Select Count(Distinct sod.SalesOrderID) As 'distinctCount' From AdventureWorks2008R2.Sales.SalesOrderDetail As sod Join AdventureWorks2008R2.Production.Product As p On sod.ProductID = p.ProductID Where sod.ModifiedDate Between '2008-01-01' And '2008-07-31' And p.MakeFlag = 0;
Now, let’s take a look at the type of indexes we currently have available:
Select name, has_filter, filter_definition From sys.indexes Where object_id = object_id('Sales.SalesOrderDetail');
name has_filter filter_definition ----------------------------------------------------------------------------------------- PK_SalesOrderDetail_SalesOrderID_SalesOrderDetailID 0 NULL AK_SalesOrderDetail_rowguid 0 NULL IX_SalesOrderDetail_ProductID 0 NULL (3 row(s) affected)
We need an index on ModifiedDate and ProductID, which it doesn’t look like we have currently. Without this, we’re going to end up scanning on the clustered index. That means SQL Server will have to evaluate each and every single row in the table to see if the row matches the criteria of our query. Not pretty, and certainly not fast. So instead, let’s create a filtered index on date. But we can greatly speed up the time it takes to create our filtered index by doing a little investigating upfront and finding a range of clustering key values that will cover the query. Doing this allows SQL Server to seek on the clustered index, greatly reducing the amount of reads necessary to create our filtered index. So let’s see this in action. First, let’s find out the current max value of the table:
Select Max(SalesOrderDetailID) As 'maxID' From AdventureWorks2008R2.Sales.SalesOrderDetail;
maxID ----------- 121317
Now we get to do a little guessing. Let’s go back and see what date we get if we look at half of the records:
Select SalesOrderDetailID, ModifiedDate From AdventureWorks2008R2.Sales.SalesOrderDetail Where SalesOrderDetailID = (121317/2);
SalesOrderDetailID ModifiedDate ------------------ ----------------------- 60658 2007-11-01 00:00:00.000
Okay, SalesOrderDetailID 60658 gets us back to 11/1/2007. That’s a little too far. Let’s see how a SalesOrderDetailID value of 75000 does…

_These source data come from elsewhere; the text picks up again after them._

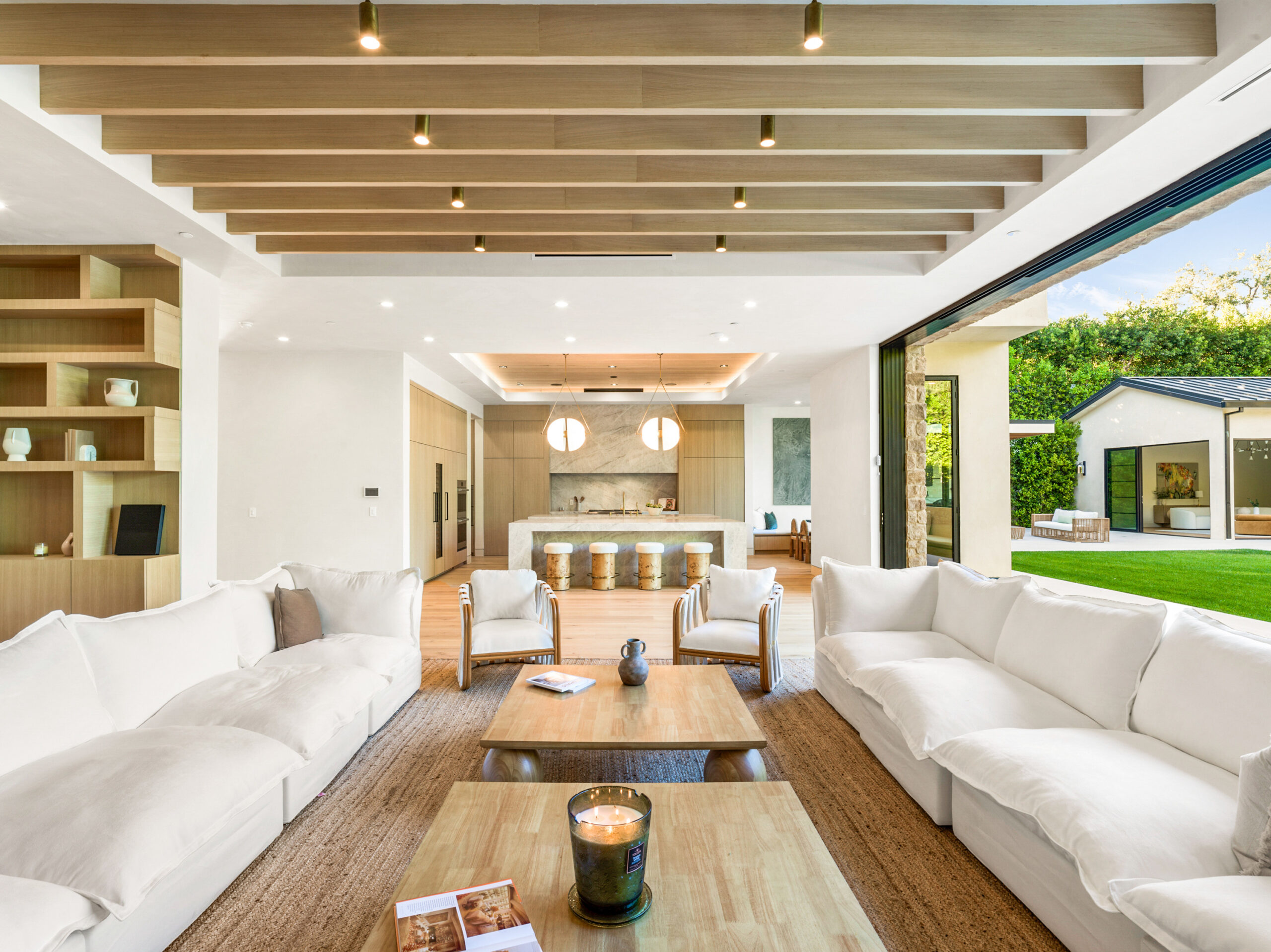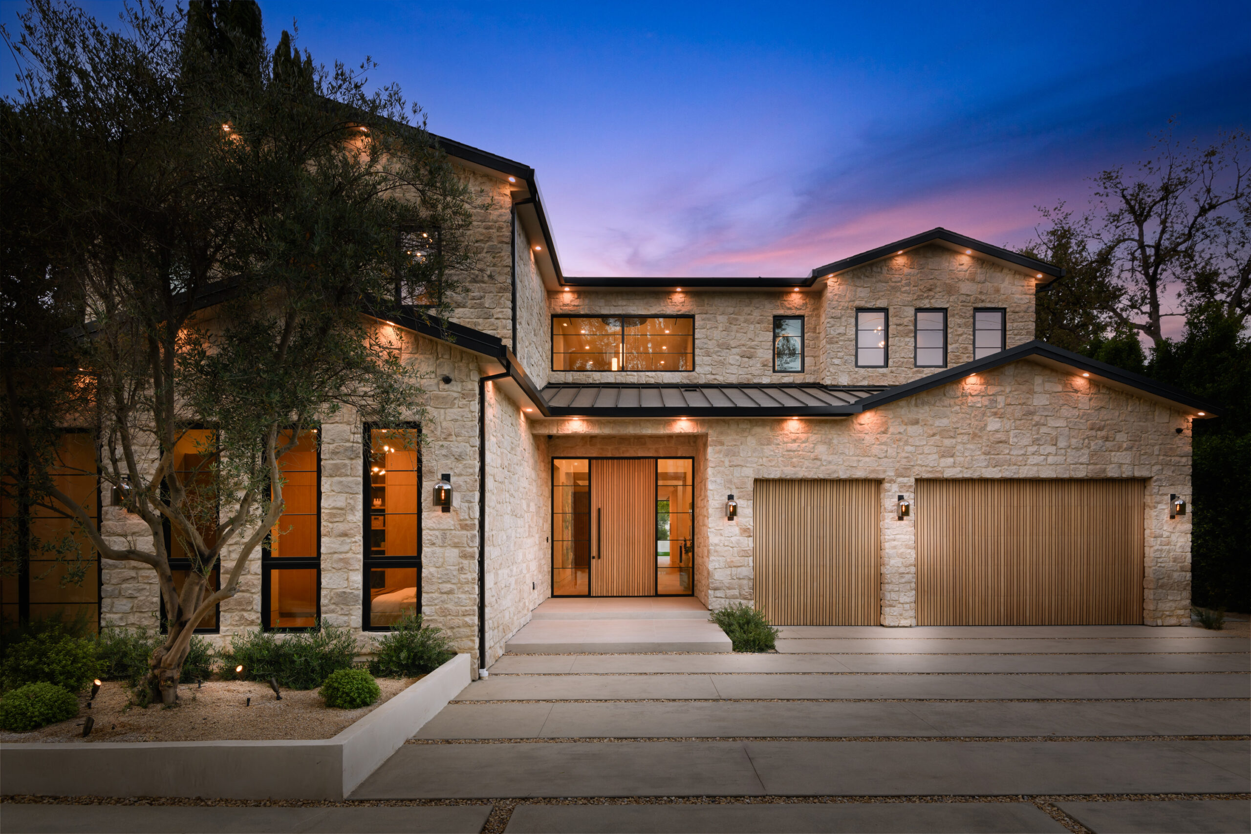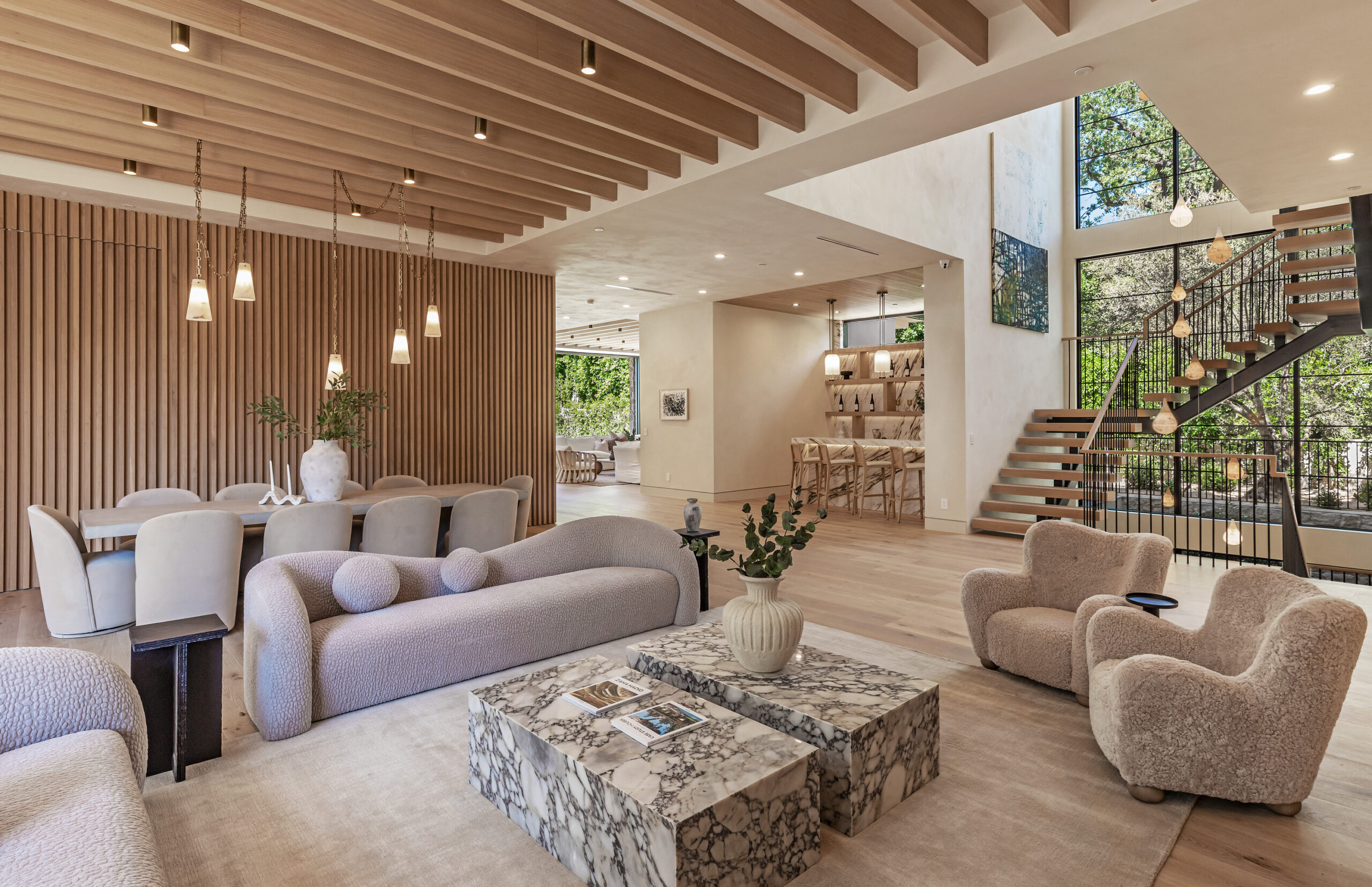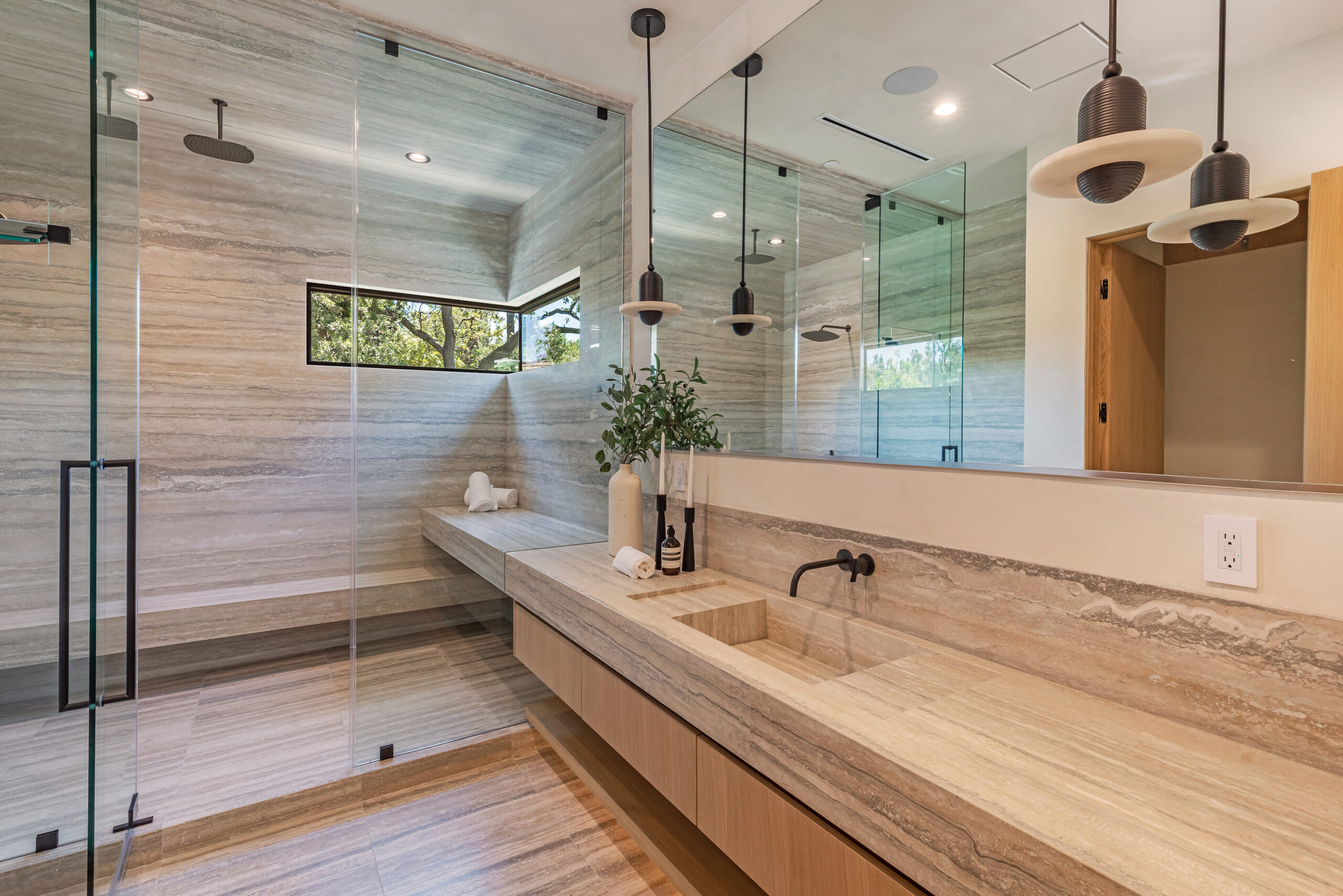 Step into a world of unparalleled design and sophistication in this exclusive private oasis, nestled on over of an acre. This gated Encino estate greets you with a grand motor court, setting the stage for a life of refined elegance and ultimate privacy. Every detail of this compound exudes luxury. The interior is a masterpiece of curated organic finishes, featuring plaster walls and natural stones that seamlessly blend with the soaring high ceilings and fluid indoor-outdoor transitions. The sprawling family room is where comfort meets elegance. This grand space boasts custom built-ins and a stunning fireplace that serves as the room's focal point. Expansive sliding doors reveal breathtaking views of the resort-inspired backyard, creating a seamless connection between indoor elegance and outdoor paradise. The awe-inspiring double island kitchen, along with a secondary chef s kitchen equipped with top-of-the-line appliances, will leave you breathless. The formal dining room is ideal for lavish dinners, where an outdoor fireplace framed by a majestic oak tree provides a stunning backdrop. The primary suite is a sanctuary of luxury, offering not just one, but two private balconies, dual SPA inspired baths, and two massive walk-in closets that promise to satisfy even the most discerning tastes. The executive office adjoins the auto gallery/game room, ensuring that work and play coexist in perfect harmony. Descend to the lower level, where indulgence knows no bounds. Here, a state-of-the-art fitness center with a steam shower, dry sauna, dedicated lap pool and spa awaits. Enjoy blockbuster nights in the luxurious theater, savor your finest vintages in the walk-in wine cellar, and relax in the lounge area complete with a full bar. Each of the en-suite bedrooms offers a private retreat, while additional features such as an elevator, two bars, a media room, two family rooms, two laundry rooms, home automation, and designer light fixtures elevate this estate to the pinnacle of modern living. Step outside to a resort-inspired paradise. An outdoor kitchen, multiple seating areas, and a uniquely designed pool with cascading waterfalls and floating pool beds create an idyllic setting for unforgettable gatherings. A well-appointed guest house provides a luxurious haven for your visitors. This estate is not just a home; it is a testament to where function, elegance, and flawless execution meet, creating a sanctuary that is both majestic and inviting.
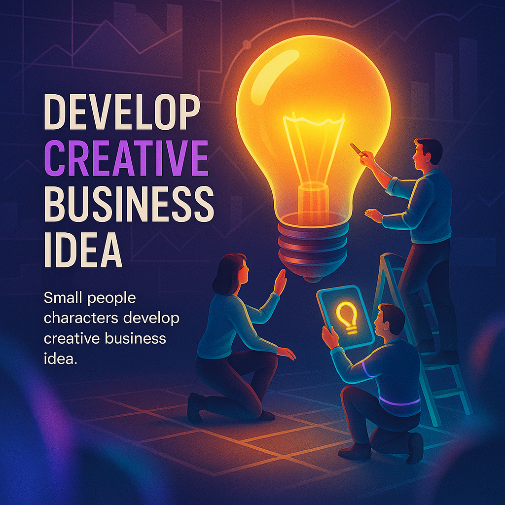 /Collection: /by davooda/Type: PNG/Vibrant illustration depicting small characters brainstorming a creative business idea, featuring a large glowing light bulb. Ideal for entrepreneurial content and presentations.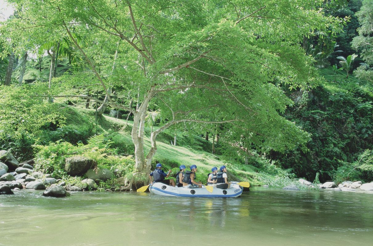 Wir fahren von Südbali ins Herz der Insel und kommen am Ayung River an. Hier warten 13 Flusskilometer mit 25 Stromschnellen, kleine Wasserfälle, farnüberwachsene Schluchten, versteckte Höhlen, enge Täler und unterschiedlich schnell fließendes Wasser auf uns. Unberührter Regenwald begleitet uns und während wir im Schlauchboot flußabwärts paddeln zieht die abwechslungsreiche Landschaft vorbei. Unsere Kameras und Mobiltelefone sind sicher in wasserdichten Taschen verstaut und am Ende der Strecke wartet ein stärkendes Mittagsbuffet im Restaurant am Ufer des Ayung auf uns. Es gibt Duschmöglichkeiten am Gelände und nach der Ankunft im Hotel bleibt noch der restliche Nachmittag für private Aktiviäten zur Verfügung.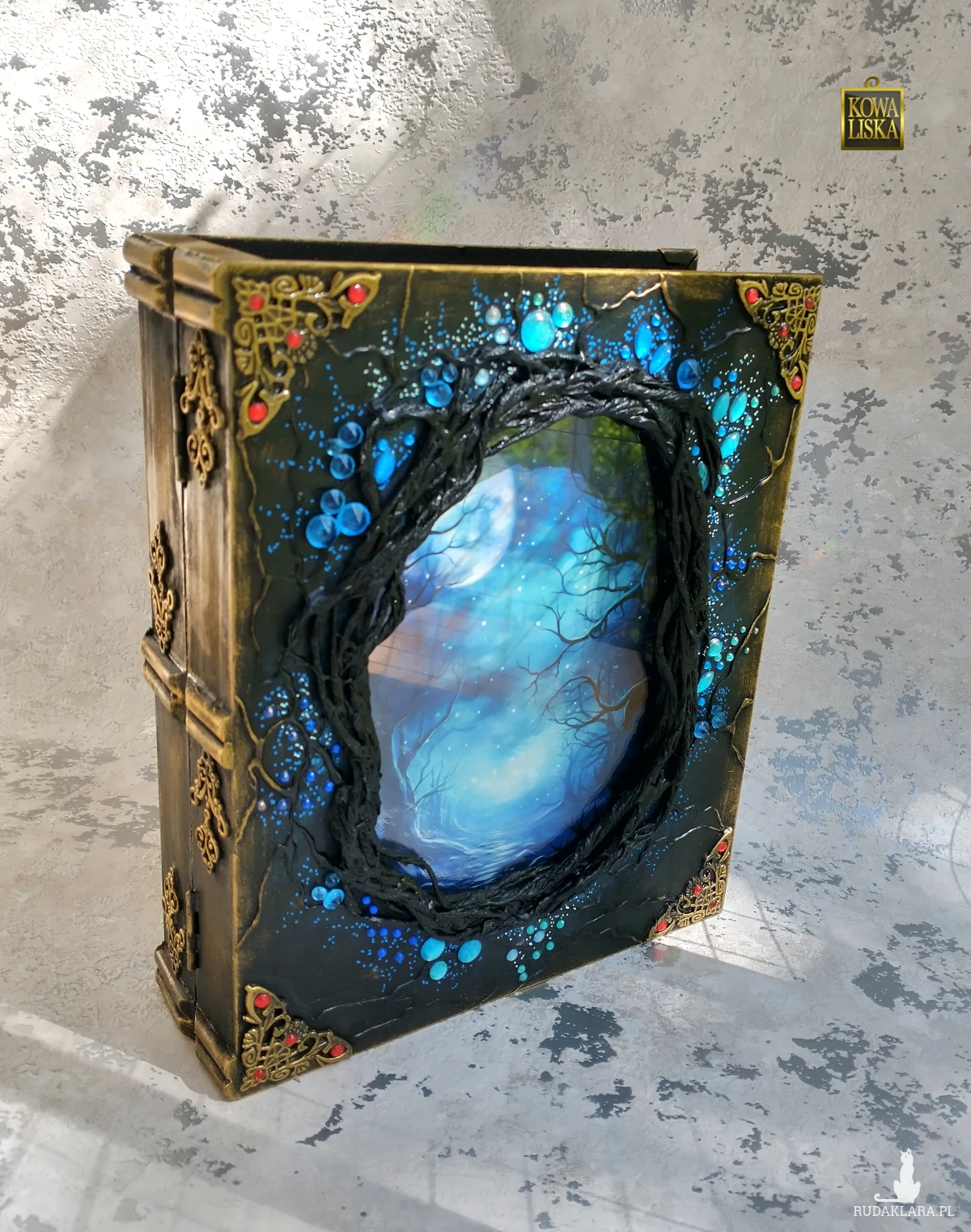 Wieczko stanowi oryginalne "okienko" porośnięte pnączami, odsłaniające nocny pejzażyk, zabezpieczony szybką. Wewnątrz jest wklejony podobny obrazek, w głębokich, wyrazistych kolorach. Zamknięcie na magnes, przód zdobiony metalowym ornamentem z kamieniami, tył stylizowany na starą księgę.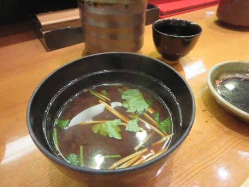 希凛のお昼の「おまかせ握り」のお品書きは、つき出し・おまかせ握り10貫・赤だし。席につくとおしぼりなどがセットされます。小皿に醤油を入れてスタンバイします。

Select SalesOrderDetailID, ModifiedDate From AdventureWorks2008R2.Sales.SalesOrderDetail Where SalesOrderDetailID = 75000;
SalesOrderDetailID ModifiedDate ------------------ ----------------------- 75000 2007-12-27 00:00:00.000
Okay, SalesOrderDetailID 75000 takes us back to 12/27/2007. That’s close enough to 1/1/2008 for my purposes. Of course, depending on the size of the table, in real life it may make sense to try to get closer to the value you’re looking for. But for now, this will do. And because we’re looking for data through the “current date” (7/31/2008 in the AdventureWorks2008R2 database), we already know our outer limit is 121317.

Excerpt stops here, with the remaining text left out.